Here's where you could get a little creative.
Traditionally the garlic is rubbed on a toasted piece of Italian bread. Personally this bores me. I'd rather crush the fresh garlic and spread it all over the place before toasting.
A little garlic behind to ears never hurt anybody.
Drizzle a little olive oil over the tomatoes, red onions and basil and your all set to enjoy.
Throw a little fresh buffalo mozzarella on top and your going back to the old neighborhood.
Throw some prosciutto on top and your on your way to Italy.
No matter which way you top it this hearty rustic appetizer will keep everyone coming back to the table for more.
1 loaf of fresh Italian bread.
8 plum tomatoes chopped
1 cup of fresh chopped basil
1 red onion chopped
3 or 4 or 5 cloves of garlic crushed
1 teaspoon of dried oregano
Extra-virgin olive oil
Fresh ground black pepper or red pepper flakes
Salt to taste
Variations include: Top with capers, use sun dried tomatoes instead of fresh, top with fresh buffalo mozzarella, top with a slice of "prociutto de parma", use your imagination.
Slice bread on the diagonal around a half inch thick.
Spread crushed garlic on top of bread.
Drizzle or brush with a little extra-virgin olive oil
Arrange bread on a cooking sheet and broil until toasted, around 5 minutes.

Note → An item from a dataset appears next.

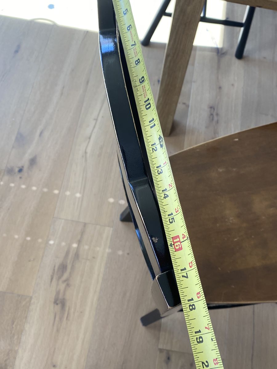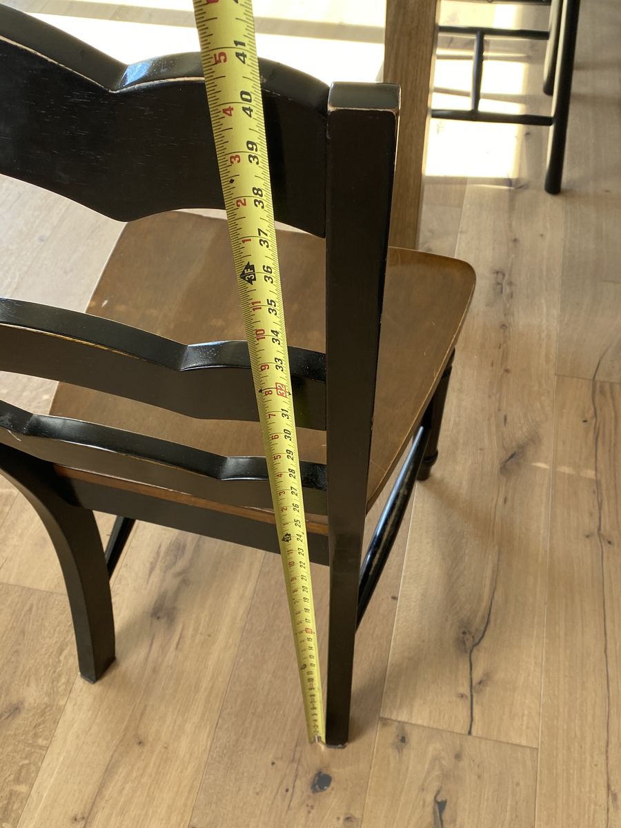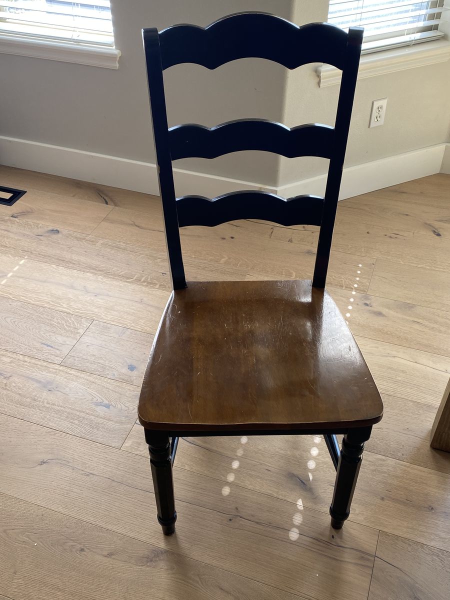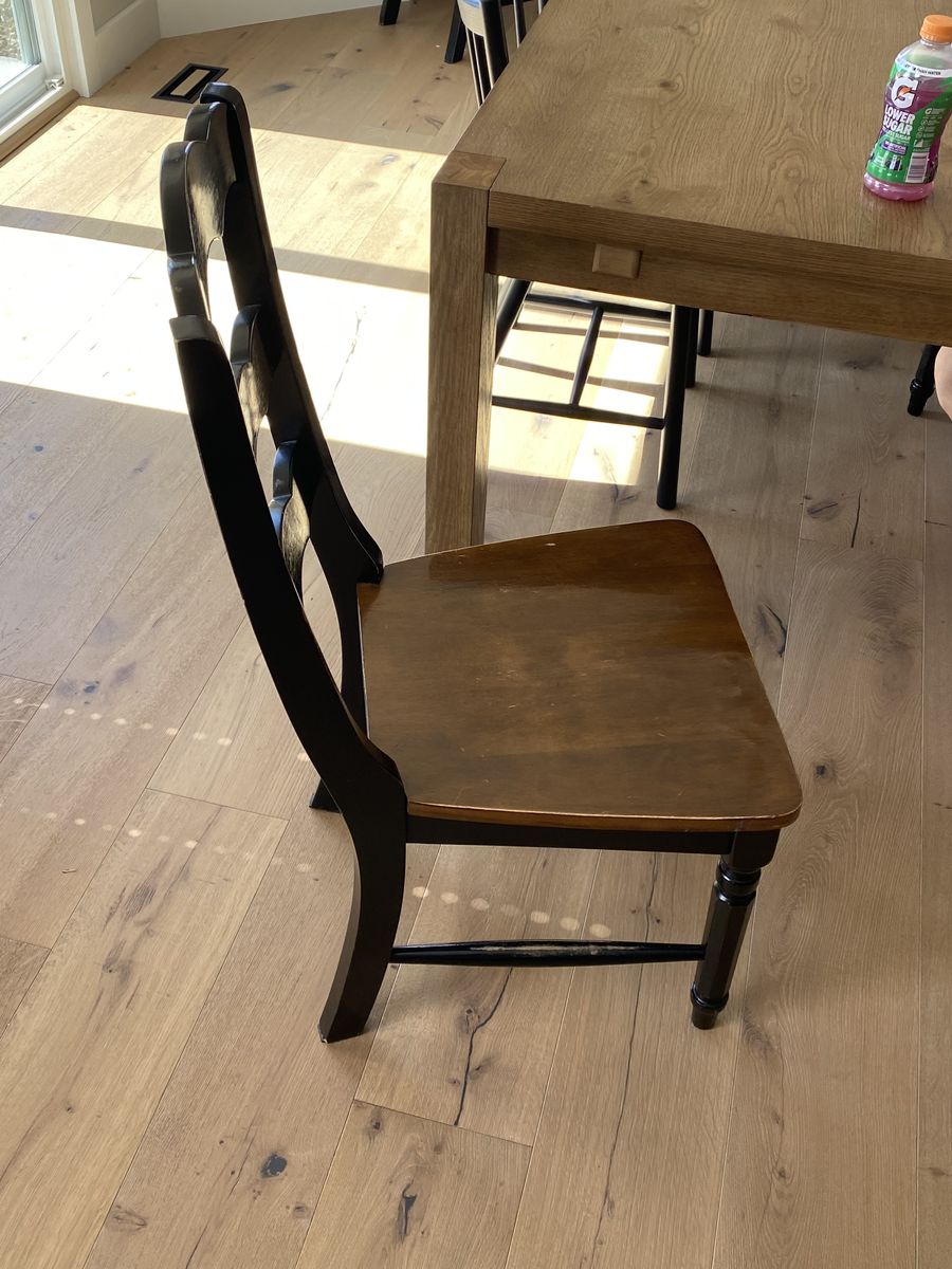 Black and walnut dining chairs. Very sturdy and comfortable.

In a mixing bowl combine tomatoes,onions,basil and oregano and toss gently.
Season with fresh ground black pepper or red pepper flakes.
Salt to taste.
Arrange toasted bread on a platter and generously top with tomato mixture.
Serve immediately so the bread doesn't have time to get soggy. You want the crunch to be part of the experience.
If serving later, keep mixture in a bowl and let your guest top the toast themselves.
Rustic and full of flavor, bruschetta at its best!